Most caregivers set up the room once — and then quietly suffer the consequences for months.
Wrong bed height. A bedside table that’s always in the way. Overhead lighting that turns every 2 a.m. transfer into a hazard. Small problems that stack up into real strain. Homecare workers have injury rates 70% higher than the national average, and most of those injuries happen during routine tasks: repositioning, transfers, reaching over cluttered surfaces.
The fixes aren’t expensive. They’re just not obvious until someone tells you.
Swap 1: Stop Guessing at Bed Height — Use a Pre-Set Transfer Position
Wrong approach: Adjusting the bed by eye each time, or leaving it at whatever height it shipped at.
Do this instead: use a bed that has a pre-programmed transfer position. The SonderCare Aura sets to 21″ — the height clinical guidelines point to for wheelchair-to-bed and bed-to-standing transfers — with a single button press.
That matters. A lot. Too high and your loved one’s feet dangle; too low and you’re folding yourself in half to assist them. Either way, someone gets hurt eventually.

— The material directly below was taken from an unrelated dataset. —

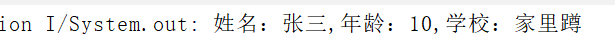 System.out.println("姓名:"+student.getName()+",年龄:"+student.getAge()+",学校:"+student.getSchool());

But height is only half of it. The Aura’s FallSafe Ultra-Low setting drops the platform to 10″ off the floor. Overnight, when fall risk is highest, that’s the position that actually protects them. Two-thirds of falls in older adults are preventable with basic environmental changes — and bed height is near the top of that list.
We cover the full room layout logic in our guide to turning a bedroom into a hospital room at home.
Swap 2: Replace Overhead Lighting With Floor-Level Illumination
Wrong approach: A bright overhead light for nighttime trips to the bathroom.
Harsh overhead lighting at 3 a.m. is disorienting. It takes a moment for eyes to adjust — and in that moment, a person who is already unsteady is moving. That’s the gap where falls happen.
The better swap: motion-activated floor-level lighting. The SonderCare Underbed Auto-Nightlight ($219) mounts under the bed frame and casts a soft glow at floor level the instant your loved one moves. No switches. No blinding brightness. Just enough light to see where their feet are landing.
It’s a small thing. The kind of thing you forget to add to the equipment list. And then you wish you had.
Swap 3: Ditch the Pulled-Up Chair — Use a Proper Overbed Table
Wrong approach: Pulling a kitchen chair to the bedside for meals, meds, and devices.
Most family caregivers hit a wall around month three — not from the big stuff, but from constant improvising. A kitchen chair is the wrong height. It blocks access. You move it every time you need to reposition. You move it again when they need to sit up.
An overbed table on wheels solves this cleanly. The SonderCare Extra Large Overbed Table ($789) rolls in and out, adjusts in height, and gives your loved one a stable surface for meals, reading, a tablet — without you rearranging the room twice a day.
And it positions caregiving as something designed, not improvised. That psychological shift matters over a long care timeline.
For a full breakdown of what’s actually worth buying versus what’s optional, our guide to equipment for caring for elderly at home walks through the full list — including what Medicare may cover.
Start with the bed height. That one change affects almost every other task in the room.